Internally COSMolKit uses copy-on-write (COW) storage to share unchanged data
efficiently. This is intentionally different from common RDKit Python
workflows, where code often mutates an existing molecule or RWMol directly.
from cosmolkit import Molecule
mol = Molecule.from_smiles("CCO")
mol_h = mol.with_hydrogens()
assert mol is not mol_h
print(mol.to_smiles())
print(mol_h.to_smiles())
Do not write code that assumes mol.with_hydrogens() changes mol. Keep
the returned value and pass that value to later operations.
Common transformations include:
with_hydrogens()without_hydrogens()with_kekulized_bonds()with_2d_coordinates()
In-Place Operations¶
Performance-sensitive code can opt into explicit in-place mutation. Every
public Molecule in-place method ends with _; the trailing underscore has
no other Molecule API meaning.
mol = Molecule.from_smiles("CCO")
mol.add_hydrogens_()
mol.compute_2d_coordinates_()
Common in-place operations include:
add_hydrogens_()remove_hydrogens_()kekulize_()sanitize_()compute_2d_coordinates_()
If an in-place method returns an error, the molecule is not guaranteed to equal its pre-call value.

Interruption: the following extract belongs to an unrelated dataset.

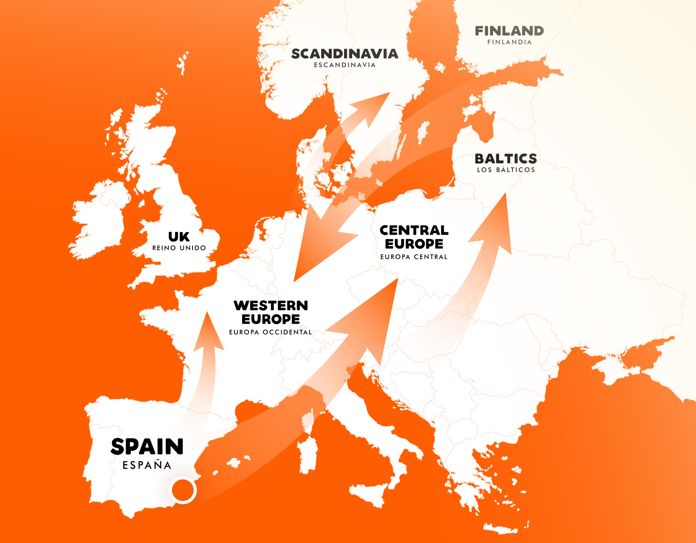 Our operations are strategically centered in Spain, serving as the gateway to a broad network across Europe. From our base in Spain, we extend our reach to key regions including the United Kingdom (UK), Western Europe, Central Europe, Scandinavia, the Baltics, and Finland. These areas represent our core destinations, enabling strong connectivity and efficient service throughout Northern, Central, and Western Europe.

Use the value-style method when failure-preserving behavior is required.
SMILES Output¶
to_smiles() returns a SMILES string:
mol = Molecule.from_smiles("F[C@H](Cl)Br")
print(mol.to_smiles())
print(mol.to_smiles(isomeric_smiles=False))
SMILES writer options are available on both single molecules and batches:
benzene = Molecule.from_smiles("c1ccccc1")
ethanol = Molecule.from_smiles("CCO")
print(benzene.to_smiles(kekule=True))
print(ethanol.to_smiles(all_bonds_explicit=True))
print(ethanol.to_smiles(canonical=False, rooted_at_atom=2))
Explicit Editing¶
Use Molecule.edit() when you want to stage changes and commit them as one
new molecule:
editor = mol.edit()
cl = editor.add_atom("Cl")
editor.add_bond(0, cl, order="single")
edited = editor.commit()
Depictions¶
Molecules with 2D coordinates can be exported as SVG or PNG:
mol = Molecule.from_smiles("c1ccccc1O").with_2d_coordinates()
svg = mol.to_svg(width=400, height=300)
mol.write_svg("python/examples/output/phenol.svg", width=400, height=300)
mol.write_png("python/examples/output/phenol.png", width=400, height=300)
Stereo¶
COSMolKit keeps the atom-level CW/CCW chiral tag path available. This is the closest representation to the explicit chiral information carried by SMILES or RDKit atoms:
from cosmolkit import ChiralTag, Molecule
mol = Molecule.from_smiles("F[C@H](Cl)Br")
for atom in mol.atoms():
if atom.chiral_tag() != ChiralTag.CHI_UNSPECIFIED:
print(atom.idx(), atom.chiral_tag().name)
print(mol.find_chiral_centers(include_unassigned=False))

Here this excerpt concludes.